Result should be ^[5-9]:

-------------

Next example

Code: Select all

5-55

Code: Select all

call :len _RangeHigh _RangeHigh_len
call :len _RangeLow _RangeLow_len
get digit _RangeHigh[1] in _RangeHigh_CurrentDigit
if _RangeLow[1] is "" when it's 0 , into  _RangeLow_CurrentDigit

And here is a problem, _RangeLow's first digit is 5 but in the wrong direction
What needed to happen earlier was to leftpad _RangeLow with zeroes until it has as many digits as _RangeHigh


Ok new version

Code: Select all

call :len _RangeHigh _RangeHigh_len
call :len _RangeLow _RangeLow_len
call :leftpad _RangeLow 0  %_RangeHigh_len%
get digit _RangeHigh[1] in _RangeHigh_CurrentDigit
if _RangeLow[1] is "" when it's 0 , into  _RangeLow_CurrentDigit

New state is

_RangeLow=05
_RangeHigh=55
_RangeHigh_len=2
_RangeLow[1]->_RangeLow_CurrentDigit=0
_RangeHigh[1]->_RangeHigh_CurrentDigit=5

Increment by one _RangeLow_CurrentDigit, decrement by one _RangeHigh_CurrentDigit

_RangeLow_CurrentDigit=1
_RangeHigh_CurrentDigit=4


_RangeHigh_CurrentDigit minus _RangeLow_CurrentDigit = 3 is greater than zero
Now we create the first regex

^[%_RangeLow_CurrentDigit%-%_RangeHigh_CurrentDigit%]
or ^[1-4]

Then pad with [0-9] for _RangeHigh_len minus 1 time and end with :, so that's

Code: Select all

^[1-4][0-9]:

Loop to the next index of _RangeHigh_len (this is _RangeHigh_len_index)

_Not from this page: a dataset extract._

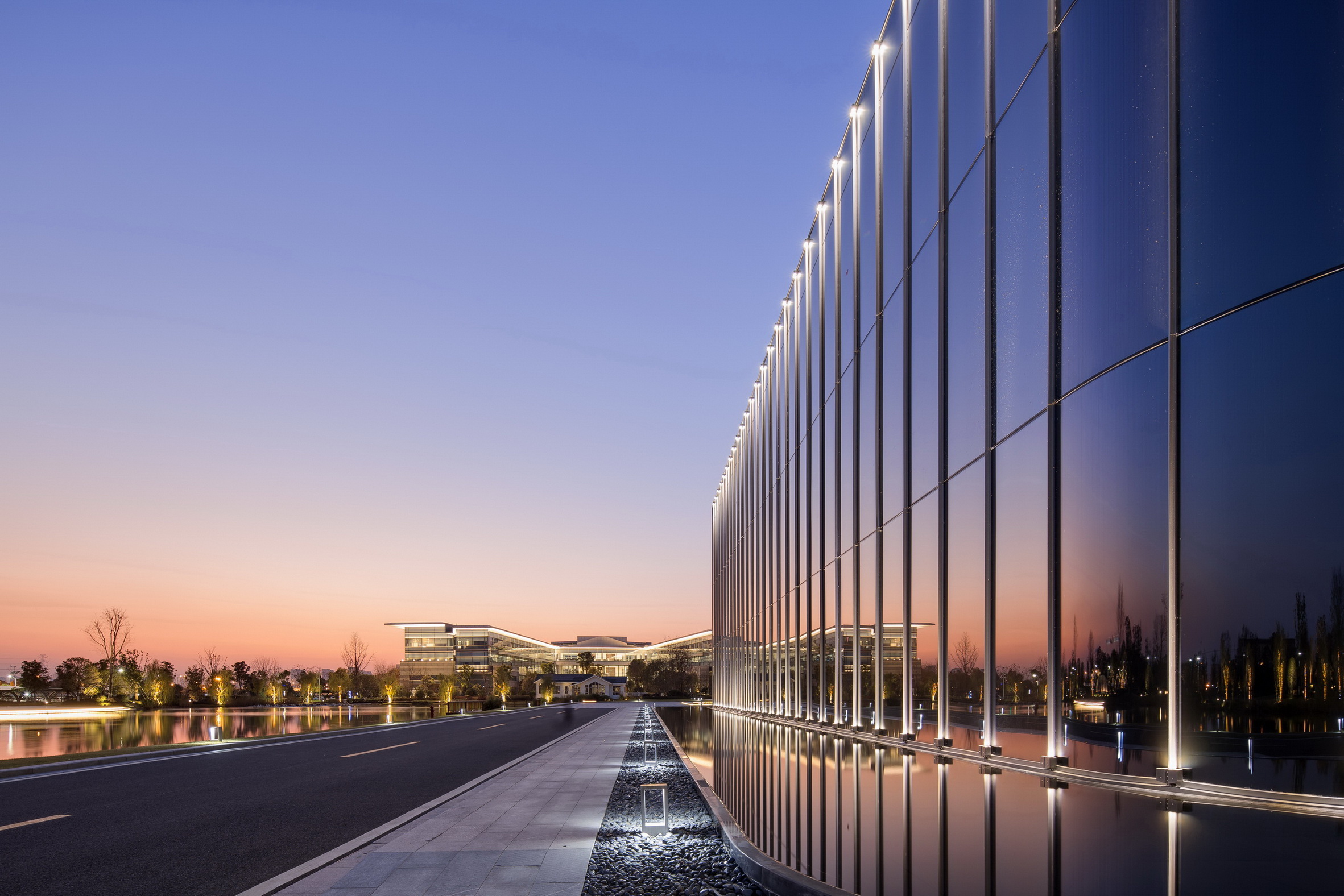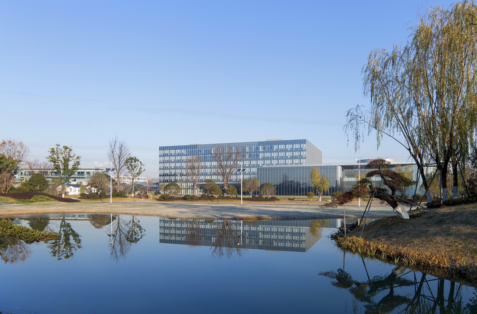 蘇州協(xié)鑫工業(yè)應(yīng)用研究院是協(xié)鑫集團(tuán)總部所在地,其主要滿足協(xié)鑫集團(tuán)及關(guān)聯(lián)企業(yè)在光伏、電力等領(lǐng)域的科研需求。項目采用了自然式園林景觀風(fēng)格,整體大氣簡潔,地形起伏自然,層次分明;庭院結(jié)合自然水系,曲線流暢植物配置因形就勢,疏密有致。此外,由于項目地表水位高,植物生長易積水,普邦股份為此硏發(fā)設(shè)計岀可持續(xù)、美觀、低成本造價的樹木根部低成本自動排水系統(tǒng)構(gòu)造,該項成果也已獲得國家實用新型專利。

Right now we have 10 to 49 covered, we need two more regex ^[5-9]: and ^5[0-5]:

I think for the rest of loop this means a low side and a high side regex needs to be created
The low side regex should take _RangeLow_CurrentDigit and rightpad with zero all remaining positions of _RangeHigh_len, then substract 1. This is the _Current_Regex_LowLimit.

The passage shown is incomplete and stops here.